The same applied to business for that business was my train to conduct. It was my responsibility to see to it that train traveled the tracks of success. I knew those tracks however; I was listening to others that did not. I had abdicated my responsibility to others because it was easier to do that than to fight for what I believed was right. I was concerned that making a decision to fight might expose my choice as the wrong one with the result being I would wind up hurting a friend I had placed in that position. Well, the end result of that abdication wound up being failure, not only for me but, for everyone involved.

It appears failure happened for the following reasons:

1. I believed all people could do what I had done and was doing. That is to say, ‘if I could do it anyone could do it.’ Truth is anyone can do what they set their minds to IF THEY WANT TO BAD ENOUGH, but unfortunately, not everyone will. My thought process had reduced the position of a leader, in this case my leadership, to someone that had no talent, skill or ability above anyone else. This is not true. What I have come to know and what most who lead know is not all are leaders and therefore, those who lead are in fact special.

2. I had hired leaders whom I expected to lead, but they did not have a vision for leading that specific company as it was not their vision to start the business from the beginning. This meant I had needed to impart my vision. The problem was I did not. They either floundered and failed or took the business in a direction which worked for them, not for me.

3. I had not been diligent to follow up with all of the leaders with regard to what was going on and if I agreed with what was being done. Another way of saying this is, “I did not inspect that which I did expect.”

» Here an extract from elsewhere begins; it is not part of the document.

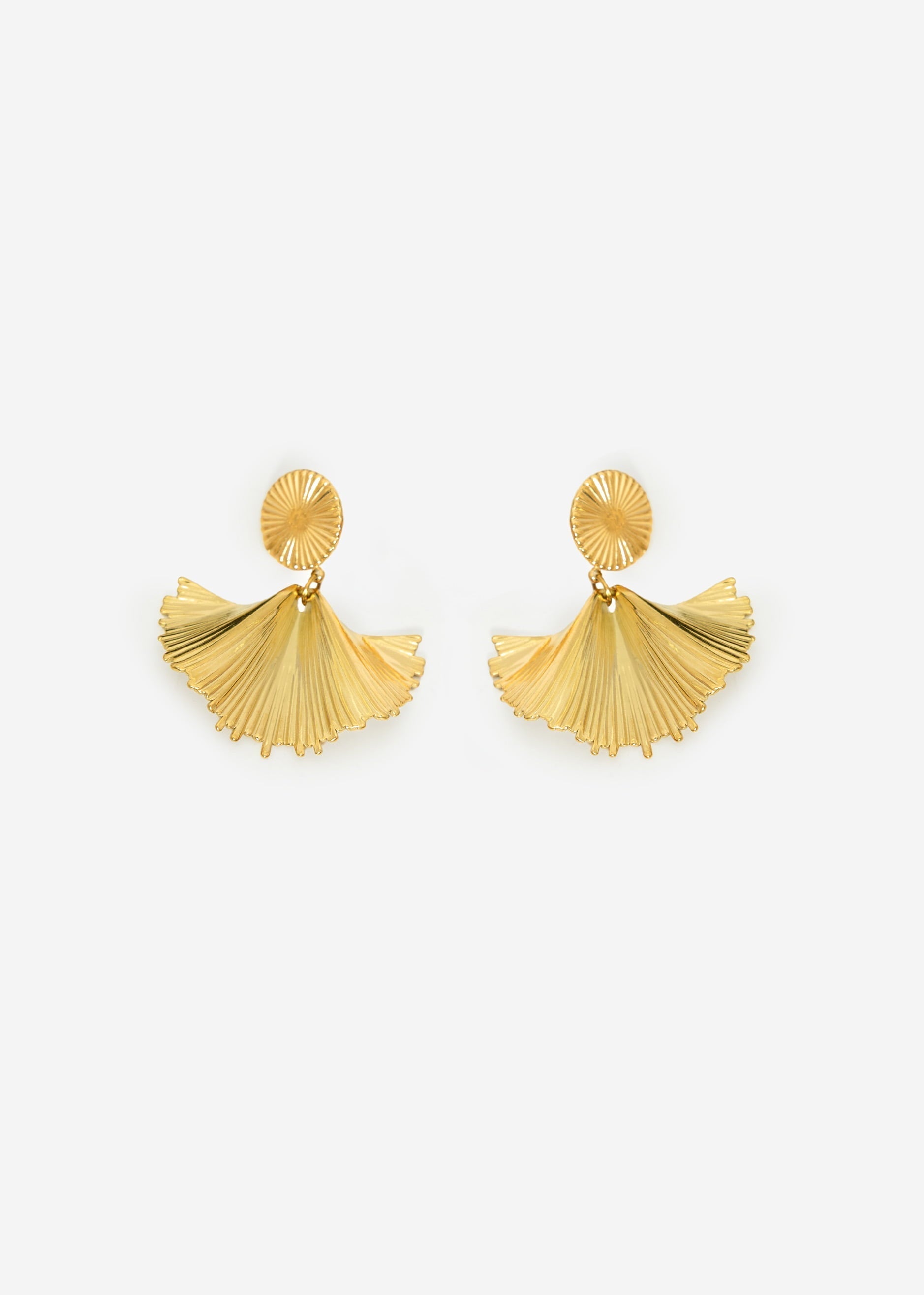 Ein echtes Statement-Piece: Diese auffälligen Ohrstecker aus glänzendem, goldfarbenem Edelstahl ziehen alle Blicke auf sich. Das Design vereint eine organische Linienführung mit modernem Glanz. Die geriffelte Struktur sorgt für spannende Lichtreflexe und verleiht dem Schmuckstück eine luxuriöse Ausstrahlung. Dieser Ohrring ist angenehm leicht und dennoch präsent – ideal für besondere Anlässe oder als Hingucker im Alltagslook.

4. When running and pastoring the church, I had felt as if MONEY was not an issue. Little did I know that the handling of money given by others carried with it great responsibility and importance. This called for the money to be used just as wisely as one would invest for one self. By not taking the leadership, I was not overseeing the wise use of that which had been given. In previous encounters I had come to the realization that money could and would separate friends. Due to my previous encounters, which wound up devastating friendships, I did my best not to allow this to happen. What I mean by this is I made the choice to allow others to take advantage of me and all of the businesses for which I was responsible. In doing so I put the livelihood of my employees in jeopardy. I finally came to realize that true friends do not “use” their friends for their own benefit. I can to the conclusion that doing what I was doing was in essence buying friends. If you are a person of character, YOU don’t need to buy your friends.

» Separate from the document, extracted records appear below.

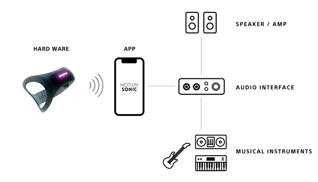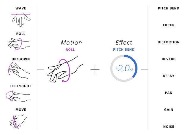 エフェクトはピッチベンド/ディストーション/ディレイなど8種類が用意されており、これを手首を回す/手を上げ下げする/横に振るなどのモーションと組み合わせることが可能。設定などは専用のiOSアプリから行い、楽器と接続したオーディオインターフェイスにアプリを起動したスマホをUSB接続することで、出力信号にエフェクトをかけることができる。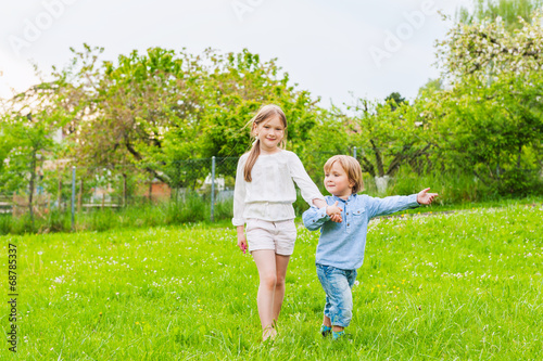 © annanahabed, Fototapeta premium Adorable kids playing outdoors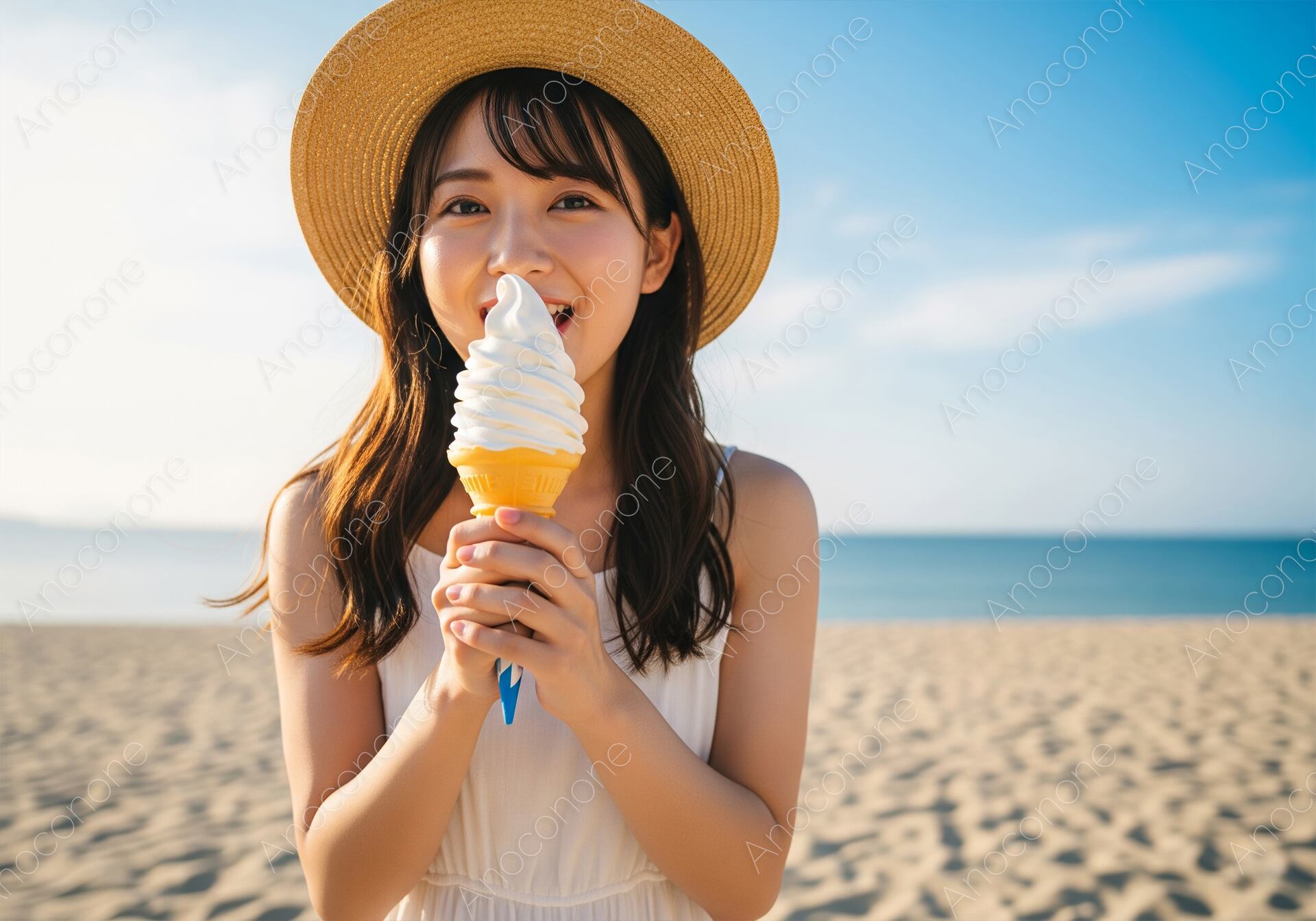 画像素材:抜けるような青空と穏やかな水平線が広がるビーチで、大きなストローハットを被った女性がソフトクリームを愉しむ、夏らしさ全開の一枚です。清潔感のある白いワンピースが、太陽の光を反射して輝く砂浜と美しく調和し、清楚で爽やかなバカンススタイルを演出しています。ソフトクリームを今まさに口に運ぼうとする、無邪気で幸せそうな表情は、見る人に夏の高揚感と涼やかな多幸感を与えます。背景の広大な海と砂浜をボケ味豊かに描写することで、被写体の瑞々しい存在感と、夏の午後のゆったりとした時間の流れを際立たせています。自然光が肌の透明感や衣装の質感を鮮明に映し出した、非常にクリーンで高品質なビジュアルです。旅行・観光のプロモーション、夏限定スイーツの広告、あるいは季節感あふれるライフスタイルメディアのメイン画像として、高い訴求力を発揮する素材です。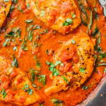 - Add Cajun seasoning and flour, toss to coat. Add diced tomatoes, tomato sauce, pepper flakes, and hot sauce and bring to a simmer.

Had I taken this approach on any of the businesses or with regard to the church, I would have been a better leader for having recognized my responsibility to conduct the train in the best and most effective manner. I would have better dealt with those causing schism rather than using my nice guy approach, which allowed the trouble makers to stay around and thus cause the good to leave. By doing what I thought was ‘responding in love’, I was not leading. Had I been leading I would have been protecting the congregation as well as those businesses for I would have removed the schism. Had I taken the time to write my vision and impart it to the conductor I had hired to conduct my train, this would have made managing the expectations quite easy. At the time, doing all of that looked insurmountable and overwhelming therefore; I left the ‘management’ to the hired leader. We already know where that went.

It is important to recognize how all of this applies to your personal life as well. You must take control of your train. You must not allow others, even though you respect them, to get you off track. You must remain steadfast to your vision or you will be lead astray by the whims of those not knowing what is best for you – nor should they for it is your train.

I only wish this would have been as clear those many years ago as it appears to be now for it would have greatly reduced the amount of emotional and financial upheaval, which I have put my wife and myself through. Life however, is about learning – sometimes the lessons are harder for some than for others – guess I am one of those with a hard head.